Lisbon Accounting and Business School — Polytechnic University of Lisbon
Confidence Intervals — General Concepts
Confidence Interval for the Population Mean, \(\mu\), of Normal Populations
Reference: Newbold, P., Carlson, W., & Thorne, B. — Statistics for Business and Economics, Global Ed.
Definition
Once a random sample has been drawn from the population, interval estimation yields an interval that, with a specified degree of confidence, contains the true (unknown) parameter (interval estimate for a parameter \(\theta\)).
Methodology for constructing a confidence interval:
Find a “good” point estimator;
Establish a confidence level (most common: 90%, 95%, and 99%);
Know the sample size;
Know the sampling distribution of the estimator.
In choosing the estimator, the Pivotal Variable Method should be followed.
According to this method, the pivot statistic (or pivotal variable):
Must contain the parameter to be estimated in its expression;
Its sampling distribution (exact or approximate) must not depend on the parameter, nor on any other unknown quantity.
Case 1 — Normal population, \(\sigma\) known
Case 2 — Normal population, \(\sigma\) unknown
Consider a random sample \(X_1, X_2, \ldots, X_n\), \(n \in \mathbb{N}\), drawn from a population \(X\) with distribution \(N(\mu, \sigma)\), where \(\sigma\) is known.
\[\underbrace{\mu}_{\text{parameter}} \;\longrightarrow\; \underbrace{\bar{X}}_{\substack{\text{point} \\ \text{estimator}}} \;\longrightarrow\; \underbrace{Z = \dfrac{\bar{X} - \mu}{\sigma / \sqrt{n}} \sim N(0,1)}_{\text{pivot statistic}}\]
\[P\!\left(-z_{\alpha/2} < Z < z_{\alpha/2}\right) = 1 - \alpha\]
Confidence attributed to the interval: \((1 - \alpha) \times 100\%\)
\[P\!\left(-z_{\alpha/2} < Z < z_{\alpha/2}\right) = 1-\alpha\]
\[\Updownarrow\]
\[P\!\left(-z_{\alpha/2} < \frac{\bar{X}-\mu}{\sigma/\sqrt{n}} < z_{\alpha/2}\right) = 1-\alpha\]
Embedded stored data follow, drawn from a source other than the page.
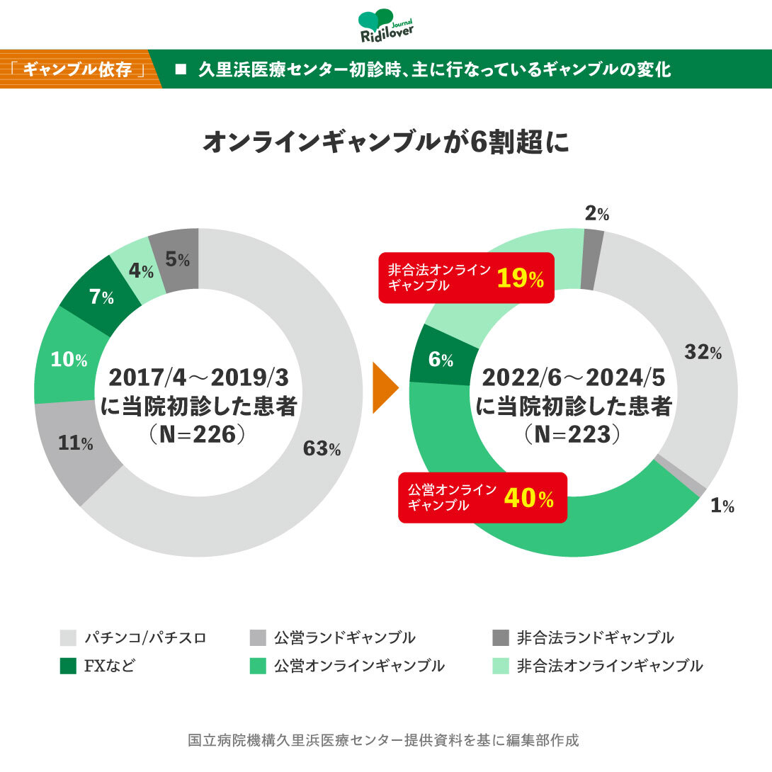 久里浜のデータ(2017〜2019年と2022〜2024年の比較)では、外来初診で主に行なっているギャンブルの分類を見ると、パチンコ・パチスロは約半分に減少。一方、オンラインカジノ、公営ギャンブル、FXなどを含むオンラインギャンブルの割合は合計で59%と増加している。
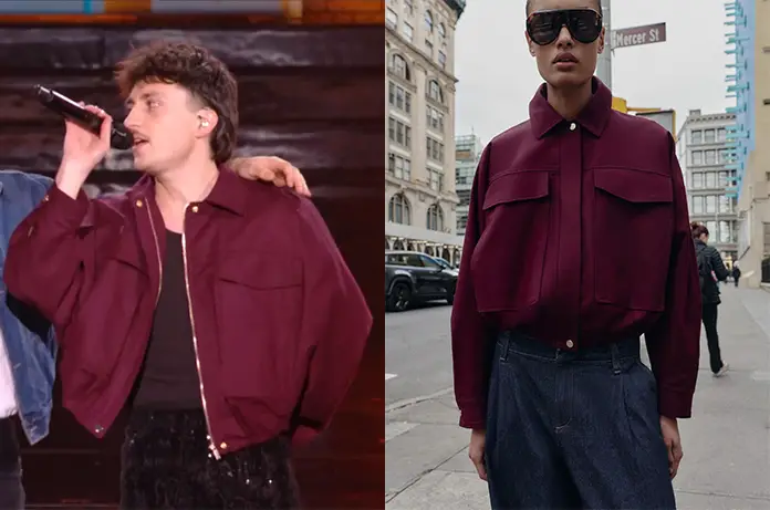 Léo a le plaisir de chanter avec Zaoui, sur le prime de la Star Academy, le 21 novembre. Il portait une veste bordeaux zippée, et à grandes poches que l’on trouve ici
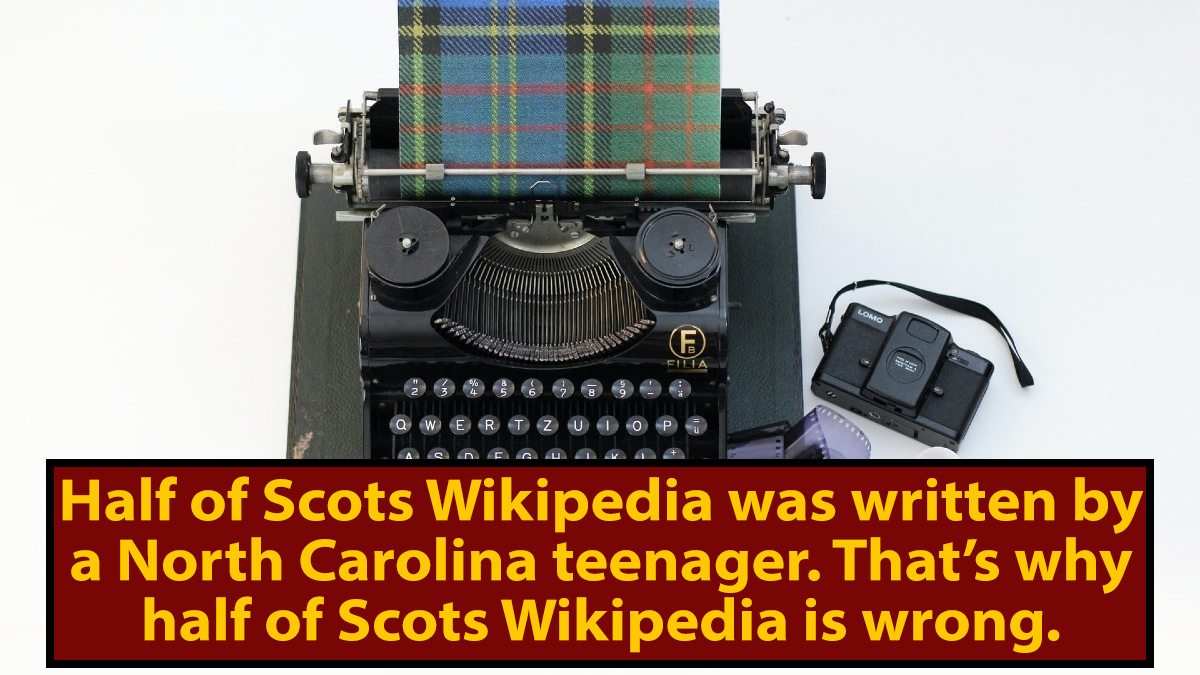 It recently came to light that fully half of the Scots version of Wikipedia was written by a 19-year-old North Carolina dude who had been editing the site since he was 12 years old. Was he a particularly precocious middle-schooler whose family is maybe a little too into their Scottish heritage? Nope. He couldn't speak Scots at all. He was just writing in a vaguely Scottish accent, presumably based on the universally enjoyable canon of Scottish Twitter.

\[\Updownarrow \quad \cdots\]
\[P\!\left(\underbrace{\bar{X} - z_{\alpha/2}\frac{\sigma}{\sqrt{n}}}_{T_1} < \mu < \underbrace{\bar{X} + z_{\alpha/2}\frac{\sigma}{\sqrt{n}}}_{T_2}\right) = 1-\alpha\]
The \((1-\alpha)\times 100\%\) confidence interval for \(\mu\) is:
\[\boxed{IC_{(1-\alpha)\times 100\%}(\mu) = \left(\bar{x} - z_{\alpha/2}\frac{\sigma}{\sqrt{n}},\; \bar{x} + z_{\alpha/2}\frac{\sigma}{\sqrt{n}}\right)}\]
where \(t_1 = \bar{x} - z_{\alpha/2}\dfrac{\sigma}{\sqrt{n}}\) and \(t_2 = \bar{x} + z_{\alpha/2}\dfrac{\sigma}{\sqrt{n}}\) are the observed lower and upper bounds.
Different samples yield different values of \(\bar{x}\) and, consequently, different values of the bounds \(t_1\) and \(t_2\).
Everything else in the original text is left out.